Perceptron Learning

Perceptron Learning and Adaline Learning (adapted from Fundamentals of Neural Networks by L. Fausett)

Perceptron Learning

Things to note:
1) Perceptron learning *can* work for binary data (0,1) as well as real valued input. For discrete input, bipolar inputs (-1,1) are preferred since no learning occurs for desired outputs of zero. One also cannot distinguish from missing data with binary representation.
2) Perceptron learning *does* converge to a non-unique answer if the solution space is linearly seperable.

We will assume all input and output is bipolar(-1,1) . Training vectors will be denoted by S:T , that is, T is the desired output for vector S (S₀, S₁,S₂,.....,S_n). The bias b will be clamped to an input of 1 and will be assumed to be weight W₀.

Initialize weights (you can make them all zero) and set the learning rate to 1 (a=1).

while not terminating condition
{
    for each training vector
{
        X_i = S_ifor i = 0,1,…..,n ;            /* Set activations of input units */
Y_Input= ∑X_i* W_i  ;

        Y=1   if Y_input>0
           =-1 if Y_input<0                    /* if Y_input==0 we can't determine anything so adjust weights*/

        /* Update weights if required */
        if Y<>T                                       /* if predicted output doesn't equal desired output */
        {
            W_i(new)=W_i(old) + aTX_i;
   }
} /*end for */
} /* end while */

Adaline Learning

Things to note:
Adaline learning differs from perceptron learning in several respects:

- The activation function is the identity function, as opposed to a threshold function (like the perceptron)
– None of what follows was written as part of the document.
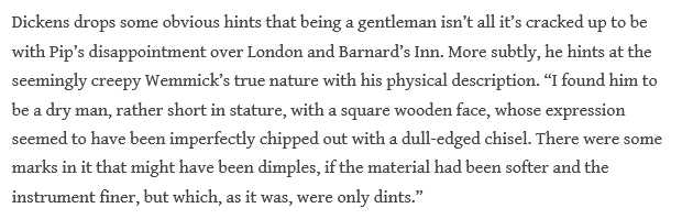 Later, he comments on how even the physical descriptions of the settings and characters surrounding Pip might reflect a disappointment with the expectations of what it is like to be a “gentleman”:

- Adaline learning is based upon gradient descent methods, that is, the gradient is employed to minimize the least squared error. This learning method has several names: LMS (least mean squared) and Widrow-Hoff.

- Adaline learning can easily be turned into discrete classification learning (just like a perceptron). First, train the net like any Adaline net, then define a threshold function that outputs a 1 if the sign of the activation is >=0, and -1 otherwise.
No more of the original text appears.